(THE PROBLEM) Starting with the line where "Элегантная уличная снежинка" appears, print every line through the end of the entries below exactly as it stands, and leave out the pictures.

(DATA IN THIS EXERCISE)
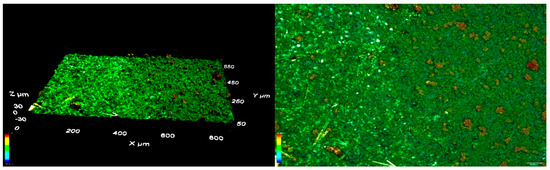 A similar observation was carried out by 3D profilometer, taking images on the bubble edge. In Figure 10, it is possible to observe the presence of biofouling on the portion of the surface not covered by the bubble, instead of a clean surface where the bubble was present. Furthermore, an analysis on the clean part evidenced that there was not a significant loss of material in terms of Sa.
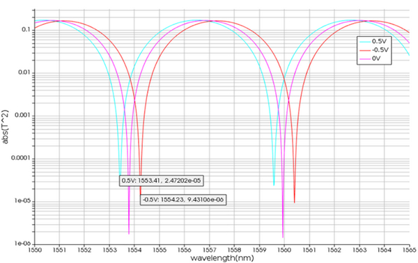 首先以Interconnect中的光網(wǎng)絡分析器(Optical NetworkAnalyzer, ONA)對系統(tǒng)的穿透波進行分析。在ONA源設定仿真波長為1550到1650nm,共1000個波長點,在DC_2分別用-0.5,0,0.5三電壓條件控制行波電極,可以得到不同電壓下穿透率隨波長的變化,從圖可知在控制電壓改變1V時穿透波長差異僅0.8~0.9nm。
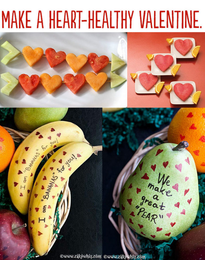 Make a heart-healthy Valentine. Build arrow fruit directions, make healthy hearts, or create fruit messages.
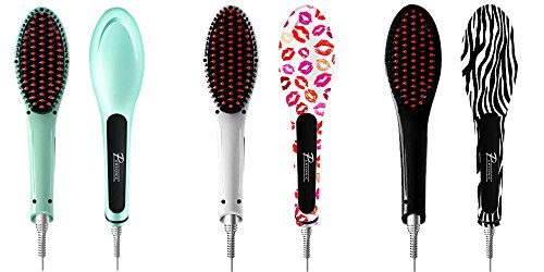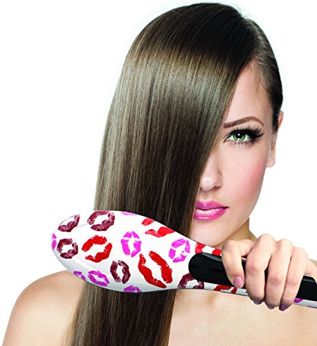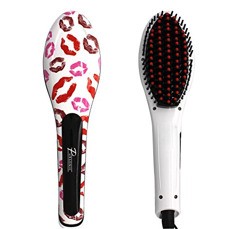 Pursonic HBS180 Instant Detangling LED Hair Straightener Brush - Best Ceramic, Anti Static, Electric Heating Detangling Hair Brush (Lips)
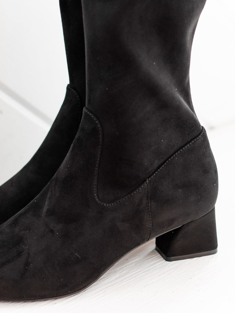 Sleek, streamlined, and endlessly versatile — this stretch suede knee-high boot brings elevated comfort to everyday style. Crafted with a soft, flexible suede that hugs the leg for a flattering fit, it features a classic almond toe and a full side zipper for easy wear. A padded insole and flexible rubber sole ensure cushioned support with every step, while the 1.75-inch covered heel adds just the right amount of lift.
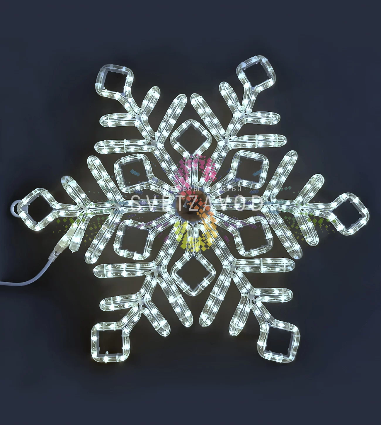Элегантная уличная снежинка с подсветкой одинаково хорошо подходит для декорирования фасадов зданий, частных домов и интерьеров, создавая волшебную новогоднюю атмосферу.
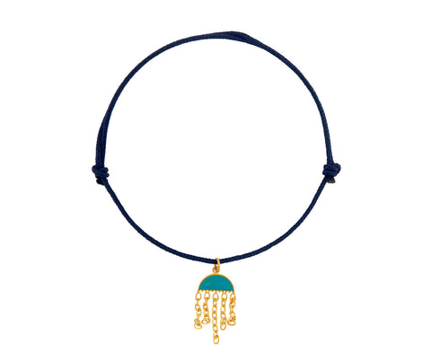 With its playful design and easy-to-wear style, this Marie-Hélène de Taillac charm bracelet is the perfect addition to any casual jewelry collection. Dangling from the adjustable navy blue nylon cord is a 22K yellow gold and turquoise enamel jellyfish charm with gold chain tentacles for added interest and movement. Wear it alone or add it to your personal layered bracelet collection for an unexpected element of whimsy.
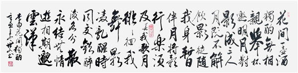 他尤善以书载文,将古典文本的意境与书法形式互映:苏轼词的疏朗、李白诗的俊逸、辛弃疾词的沉雄,皆在其笔墨的开合、疾缓间得到呼应,做到了 “文以载道,书以焕采”。
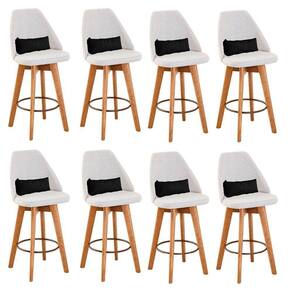 Kit 08 Banquetas Alta Maya Giratória Com Encosto Linho Bege Claro E Almofada Suede Preto - Gat Magazine
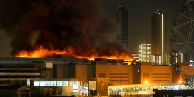 وقالت اقتحم أشخاص يرتدون ملابس مموهة، 3 منهم على الأقل، الطابق الأرضي من قاعة « كروكوس سيتي »، وفتحوا النار من أسلحة آلية بعد ذلك
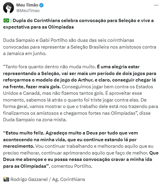 Duda destacou a mentalidade da equipe. “Mas isso é Corinthians: lutar até o final. Quando empatamos, sentíamos o cansaço, as pernas doendo, mas dava para ir até o final”, analisou a meio-campista.
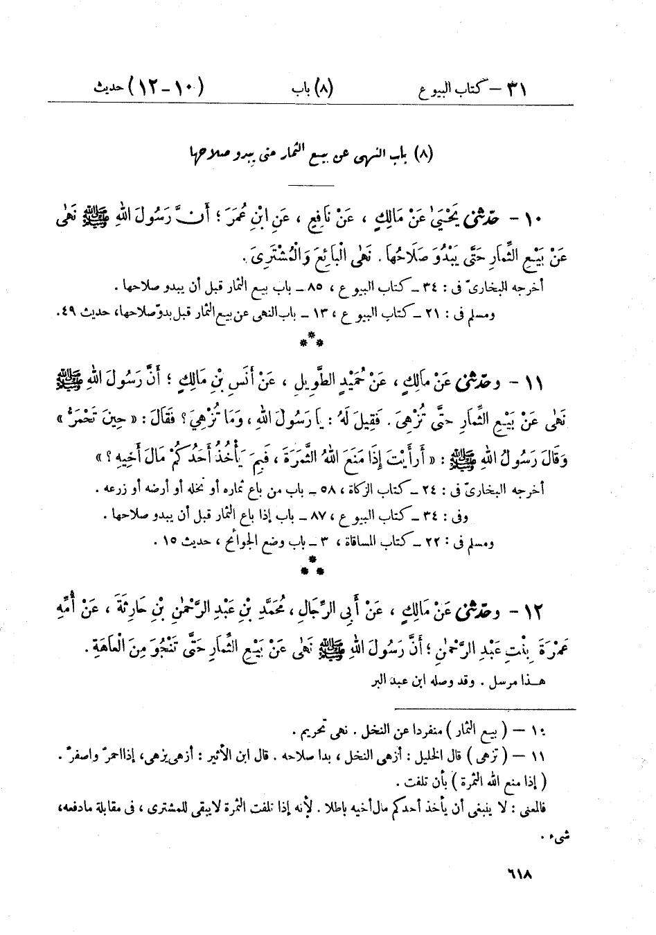 ١٢ - وَحَدَّثَنِي عَنْ مَالِكٍ، عَنْ أَبِي الرِّجَالِ مُحَمَّدِ بْنِ عَبْدِ الرَّحْمَنِ بْنِ حَارِثَةَ، عَنْ أُمِّهِ عَمْرَةَ بِنْتِ عَبْدِ الرَّحْمَنِ، أَنَّ رَسُولَ اللَّهِ صَلَّى اللهُ عَلَيْهِ وَسَلَّمَ: «نَهَى عَنْ بَيْعِ الثِّمَارِ حَتَّى تَنْجُوَ مِنَ الْعَاهَةِ» ⦗٦١٩⦘ قَالَ مَالِكٌ: «وَبَيْعُ الثِّمَارِ قَبْلَ أَنْ يَبْدُوَ صَلَاحُهَا مِنْ بَيْعِ الْغَرَرِ»

(EXERCISE SOLUTION)
Элегантная уличная снежинка с подсветкой одинаково хорошо подходит для декорирования фасадов зданий, частных домов и интерьеров, создавая волшебную новогоднюю атмосферу.
 With its playful design and easy-to-wear style, this Marie-Hélène de Taillac charm bracelet is the perfect addition to any casual jewelry collection. Dangling from the adjustable navy blue nylon cord is a 22K yellow gold and turquoise enamel jellyfish charm with gold chain tentacles for added interest and movement. Wear it alone or add it to your personal layered bracelet collection for an unexpected element of whimsy.
 他尤善以书载文,将古典文本的意境与书法形式互映:苏轼词的疏朗、李白诗的俊逸、辛弃疾词的沉雄,皆在其笔墨的开合、疾缓间得到呼应,做到了 “文以载道,书以焕采”。
 Kit 08 Banquetas Alta Maya Giratória Com Encosto Linho Bege Claro E Almofada Suede Preto - Gat Magazine
 وقالت اقتحم أشخاص يرتدون ملابس مموهة، 3 منهم على الأقل، الطابق الأرضي من قاعة « كروكوس سيتي »، وفتحوا النار من أسلحة آلية بعد ذلك
 Duda destacou a mentalidade da equipe. “Mas isso é Corinthians: lutar até o final. Quando empatamos, sentíamos o cansaço, as pernas doendo, mas dava para ir até o final”, analisou a meio-campista.
 ١٢ - وَحَدَّثَنِي عَنْ مَالِكٍ، عَنْ أَبِي الرِّجَالِ مُحَمَّدِ بْنِ عَبْدِ الرَّحْمَنِ بْنِ حَارِثَةَ، عَنْ أُمِّهِ عَمْرَةَ بِنْتِ عَبْدِ الرَّحْمَنِ، أَنَّ رَسُولَ اللَّهِ صَلَّى اللهُ عَلَيْهِ وَسَلَّمَ: «نَهَى عَنْ بَيْعِ الثِّمَارِ حَتَّى تَنْجُوَ مِنَ الْعَاهَةِ» ⦗٦١٩⦘ قَالَ مَالِكٌ: «وَبَيْعُ الثِّمَارِ قَبْلَ أَنْ يَبْدُوَ صَلَاحُهَا مِنْ بَيْعِ الْغَرَرِ»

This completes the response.